The FIFA referee caused controversy when he blew for full time five minutes early before restarting the game and ending it once again 13 seconds before the full 90 minutes were up.
Sikazwe says he was badly affected the weather conditions of the day and could even have died of heatstroke.
Mali won the game 1-0 but Sikazwe had to be escorted from the field by aggrieved staff of the Tunisia national team.
"I have seen people going for duties outside the country and come back in a casket," Sikazwe told Zambian media after arriving in his home country.
"I was very close to coming back like that.
"I was lucky I didn't go into a coma. It would have been a very different story.
"The doctors told me my body was not cooling down. It would have been just a little time before [I would have gone] into a coma, and that would have been the end.
"I think God told me to end the match. He saved me."
"The weather was so hot, and the humidity was about 85%," he added.
"After the warm-up I felt the [conditions] were something else. We were trying to drink water but you could not feel the water quenching you - nothing.
"But we [match officials] believe we are soldiers and we go and fight.
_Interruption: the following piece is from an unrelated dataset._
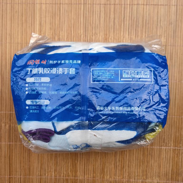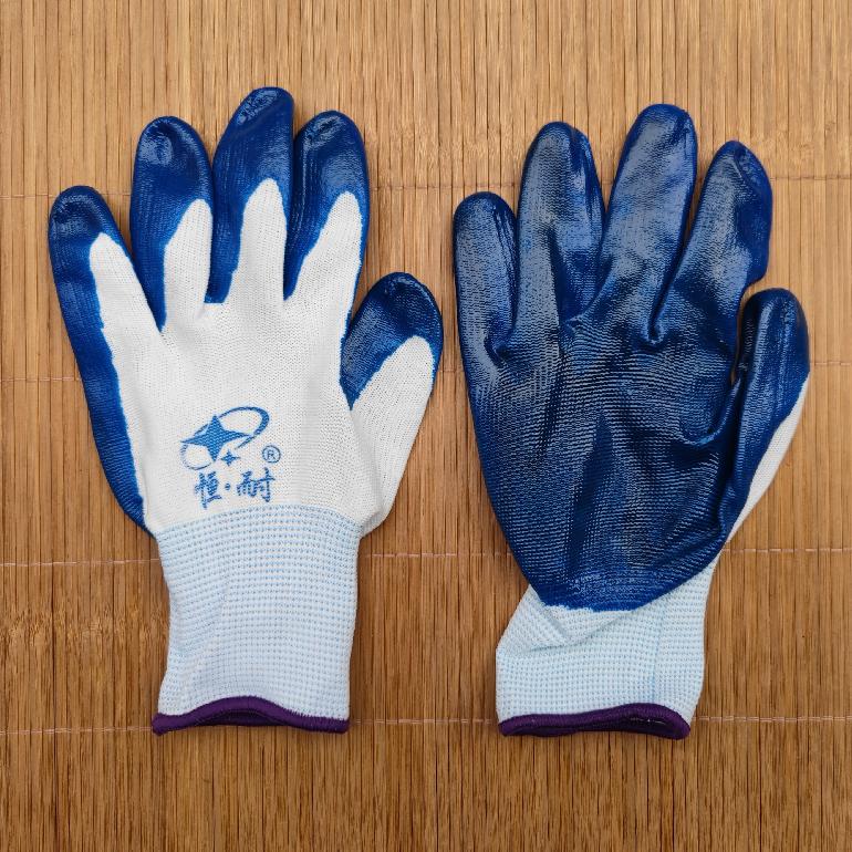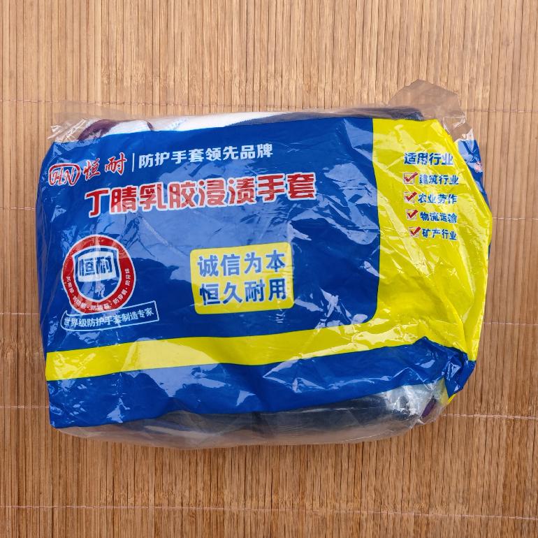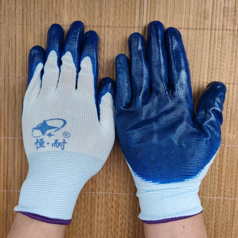 恒耐白纱蓝丁腈手套35g 平挂浸胶单面胶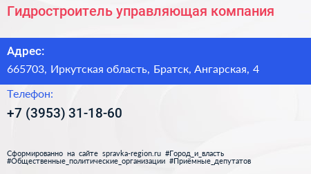 Гидростроитель, управляющая компания по адресу 665703, Иркутская область, Братск, Ангарская, 4 в дальнейшем Организация, размещена в следующих категориях:

"Everything I was putting on was hot. Even the communication equipment, I wanted to throw it away. It was so hot."
"I started getting confused. I could not hear anybody," he said.
"I reached the point where I could start hearing some noise and I thought someone was communicating with me and people were telling me 'no you ended the match'. It was a very strange situation.
"I was going through my head to find who told me to end the match. Maybe I was talking to myself, I don't know. That is how bad the situation was."
Sikazwe took charge of the 2017 AFCON final between Egypt and Cameroon while he officiated two games at the 2018 FIFA World Cup in Russia.